Que peut-on attendre de la COP 24, qui réunira en décembre les parties signataires en Pologne ?

La COP 24 est une belle occasion pour toucher du doigt l’éventuel relèvement des ambitions de l’Accord de Paris. Mais l’année 2018 marque tout juste la fin d’une période de trois ans où les pays ont défini les règles de l’Accord signé en 2015 : quels engagements prendre ? Comment les tenir ? Il semble donc encore un peu tôt dans les négociations pour espérer rehausser nos objectifs. Nous attendrons donc sûrement 2020 bien que, d’un point de vue purement climatique, il soit nécessaire d’agir dès maintenant. Le seul point d’espoir tient à la publication, en octobre, d’un rapport spécial du GIEC sur les conséquences d’un réchauffement planétaire de 1,5 °C, qui retiendra peut-être l’attention de certains négociateurs.

En France, la loi sur la transition énergétique va-t-elle dans le bon sens ?

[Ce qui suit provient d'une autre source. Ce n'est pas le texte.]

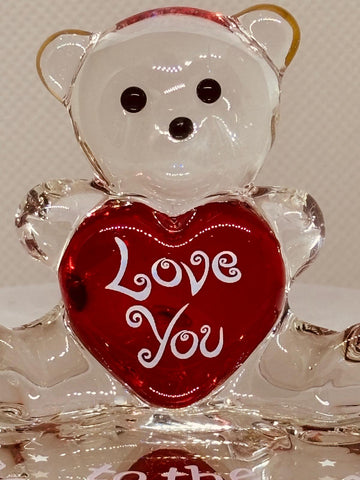 Handcrafted glass bear holding a red heart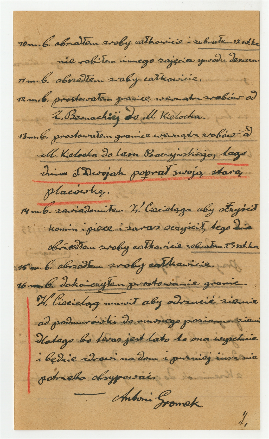 Rękopis - sprawozdanie strażnika Krzemionek A. Gromka z dnia 17 czerwca 1933 roku z okresu 3 - 16 czerwca 1933 roku (cd)
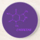 Caffeine - dark purple sandstone coaster with bright purple lettering and molecular model.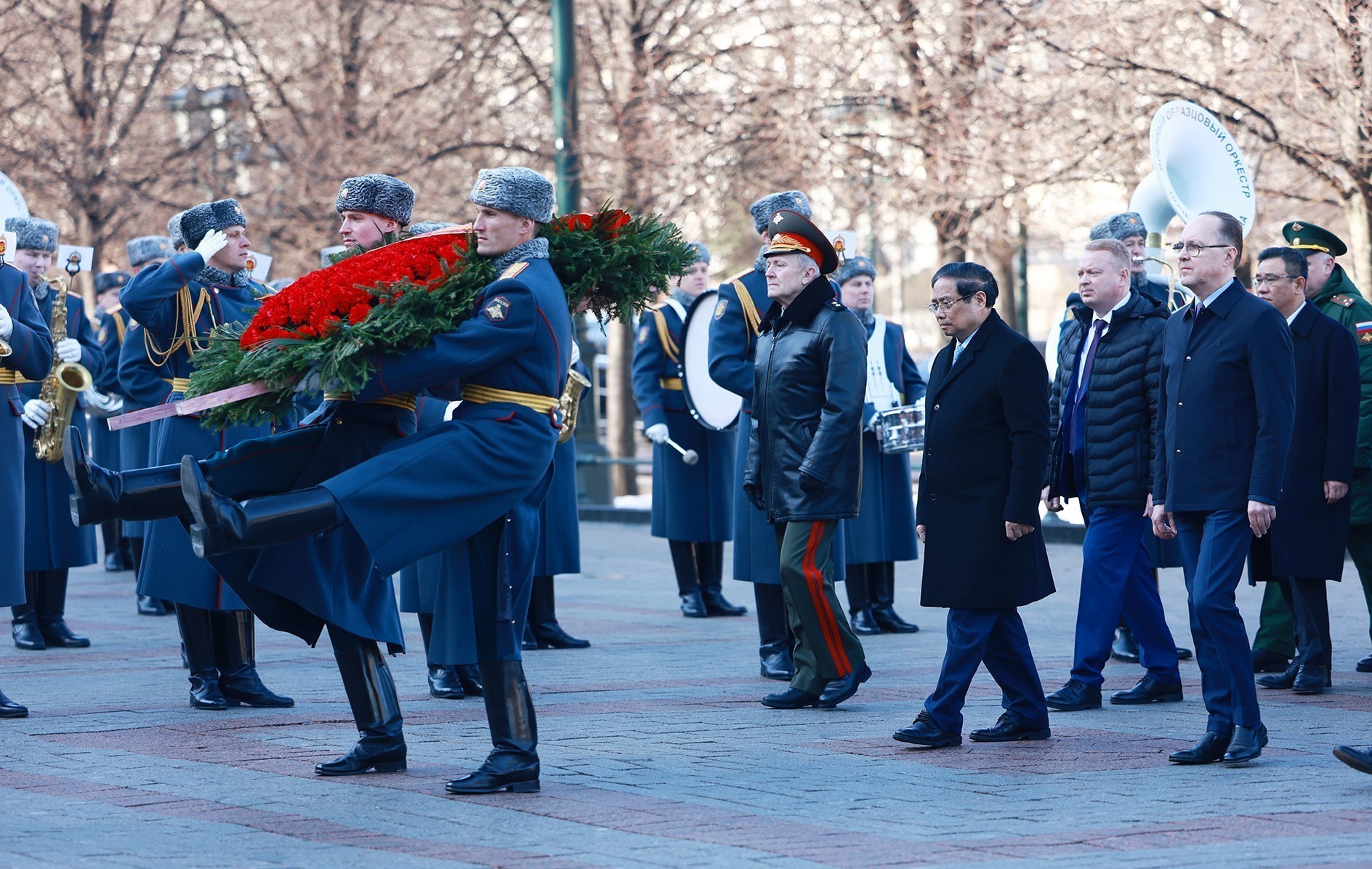 Премьер-министр Фам Минь Чинь и его делегация возложили венки к памятнику Неизвестному солдату в Александровском саду на западной стене Кремля. Фото: ВИА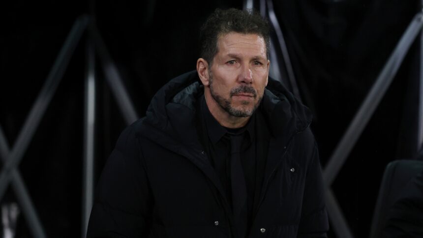 Atletico Madrid's head coach Diego Simeone enters the pitch before the Champions League play-off first leg soccer match between Club Brugge and Atletico Madrid, in Bruges, Belgium, Wednesday, Feb. 18, 2026. (AP Photo/Omar Havana)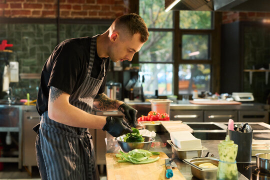 Chef arranging edible flower salad with cherry tomatoes and mixed greens on rustic table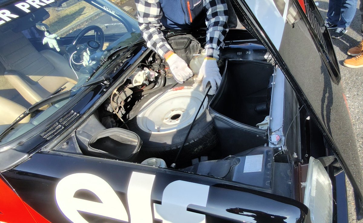 人生初 5ターボ2のミッドシップレイアウトエンジンに フロントフード内を実目に出来る機会に恵まれますとは… どうやらフロントから本来の機関を取払われた空間には 下部にFRP軽量素材の大径円筒を取付ける事で 空白の強度を補っているとの事の様で🤔 #宮ヶ瀬 #鳥居原ふれあいの館 さん x.com/shimbahome2/st…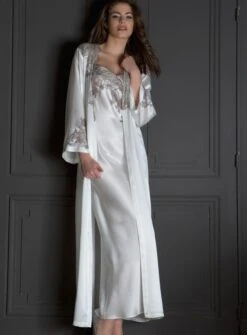 Dieses verführerische kurze Seiden-Nachthemd ist aus hochwertigem, weißem oder schwarzem Stretch-Seidensatin (95% Seide, 5% Elasthan) gefertigt. Das knielange Nachthemd (Länge ca. 95 cm) ist oben und unten umlaufend mit einem breiten Besatz von floraler Eye-Lash Spitze besetzt. Das Grundmaterial für das kurze Seidenneglige Mailin ist Stretchseide, die zur Verbesserung der Passform einen Elasthan Anteil hat.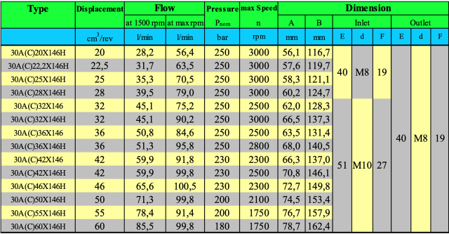 Гідравлічний шестеренний насос Hydro-pack 30С42X146HF групи 30, з об'ємом 42 см3/об, має праве обертання (за годинниковою стрілкою). Використовується для встановлення на трактор.

Nous visons une division par quatre de nos émissions d’ici 2050, tout à fait compatible avec l’Accord de Paris – et qui va même au-delà étant donné que chacun participe à hauteur de ses émissions et que les pays développés ont donc un effort plus important à fournir. De plus, Nicolas Hulot a récemment annoncé viser la neutralité carbone à l’horizon 2050, contre la deuxième partie de ce siècle dans le cadre de l’Accord de Paris. La loi relative à la transition énergétique pour la croissance verte (TECV) adoptée en 2015 marque également un progrès. Principal bémol : elle se focalise sur l’énergie et oublie les émissions du secteur agricole (méthane et protoxyde d’azote), qui sont certes moins importantes en quantité mais néanmoins loin d’être négligeables.  

« En 2017, nos émissions ont augmenté de 3,2 %, ce qui nous éloigne complètement de notre trajectoire »

Dans les textes, la situation est plutôt encourageante, avec également un Plan national d’adaptation au changement climatique qui devrait être promulgué d’ici la fin de l’année. Mais en pratique, le bilan est plus nuancé puisqu’en 2017, nos émissions ont augmenté de 3,2 %, ce qui nous éloigne complètement de notre trajectoire. En outre, nous savons d’ores-et-déjà que notre objectif d’avoir, en 2020, 23 % d’énergie renouvelable dans notre consommation ne sera pas atteint, tout comme la réduction de nos émissions de 40 % d’ici 2030 sera difficile.

Au niveau individuel, pouvons-nous encore espérer avoir un impact positif quelconque ?

Bien sûr, cela est possible et souhaitable ! En un sens, le réchauffement climatique est enthousiasmant pour les jeunes générations car il implique de changer tout notre modèle de développement : urbanisme, transport, habitudes d’alimentation et de consommation. Nous avons tous, et je m’inclus dedans, une certaine part d’égoïsme qui rend difficile la prise en compte du changement climatique à notre échelle individuelle, mais il n’y a pas de petit effort pour tendre vers un mode de vie plus sobre. Cela se joue dans les dizaines de décisions que nous prenons au quotidien, et doit être encouragé par les Etats et les collectivités locales, qui sont en première ligne de ce combat : le changement des habitudes de transport passe ainsi par l’élaboration d’une offre de transports propres par les collectivités.

« Il n’y a pas de petit effort pour tendre vers un mode de vie plus sobre »

Et, contrairement à une idée reçue très répandue, la lutte contre le réchauffement climatique n’entrave pas la croissance mais serait, au contraire, le symbole d’un nouveau dynamisme économique. Six millions d’emplois pourraient ainsi être créés en Europe d’ici 2050 et, pour la France seule, l’Ademe évoque un potentiel de 90 0000 créations d’emplois. C’est simplement une autre forme de dynamisme que celle que nous cherchons aujourd’hui, et vers laquelle il nous faut tendre.